TWENTY-NINE
Tokyo, 13th February 1889
Thaniel snapped awake. Someone was leaning right over him. Their noses were almost touching. He could feel that tiny electric warmth that came a fraction of an inch above human skin. It smelled of ash. The taste of it settled right in the back of his throat.
He couldn’t open his eyes or move. He lay exactly still and had to tell himself it was a nightmare while he screwed together the courage to sit up.
The person, the thing, grabbed his shoulders and squeezed. He spun over to the side and bumped the hearth, on his hands and knees and with all his tendons singing with the urge to run.
No one was there.
The fire was smoking badly and the room had filled with soot. Thaniel pitched the water jug over the grate, then pushed open the window as wide as it would go. He was choking now, the ash like cement when he swallowed. Once he was calm enough to listen, he heard how his lungs were wheezing on deeper breaths. He crossed the room and bent to see the door latch. He could sleep in the translation office. There was a couch down there and the air would be better. His shoulder hurt and hurt. Lying on the floor hadn’t done it any good.

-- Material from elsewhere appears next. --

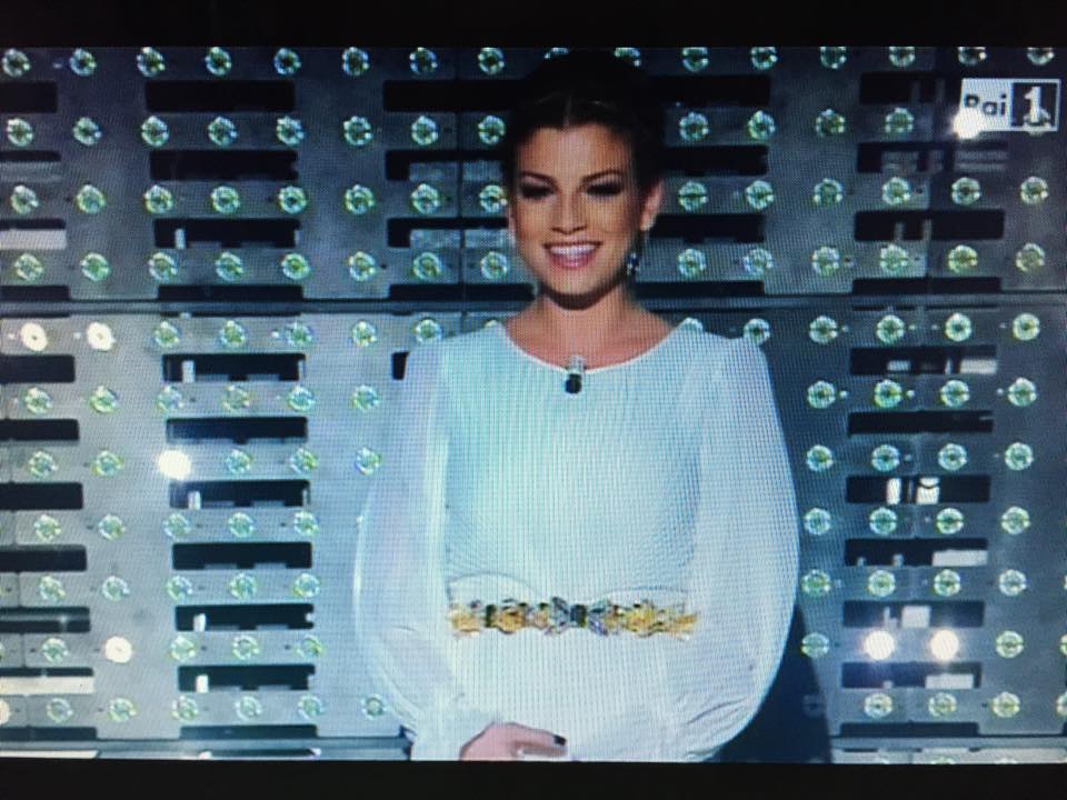 SANREMO – Sanremo 2015, Emma Marrone versione hippie per la quarta serata del Festival della canzone italiana. Abito bianco con cintura alla schiava. Per la sua terza serata invece, la valletta ha indossato un vestito corto color oro con colletto. Sui social network è partito il paragone con le gemelline del film diretto da Stanley Kubrick, basato sul romanzo omonimo di Stephen King. Pizzo rosso invece per la seconda serata. Abito bianco stile principesco per la prima.

It wasn’t until he had opened the latch that he saw his own shirtsleeves. When he did, the strength went out of his hands. Across his shoulders, very clear in black soot smoke stains, were two handprints.
Thaniel checked everywhere – under the bed, in the wardrobe, behind it, outside in the corridor – but there was no one. The legation was silent. Not even the servants were moving about now. He stood in the open doorway, waiting to calm down.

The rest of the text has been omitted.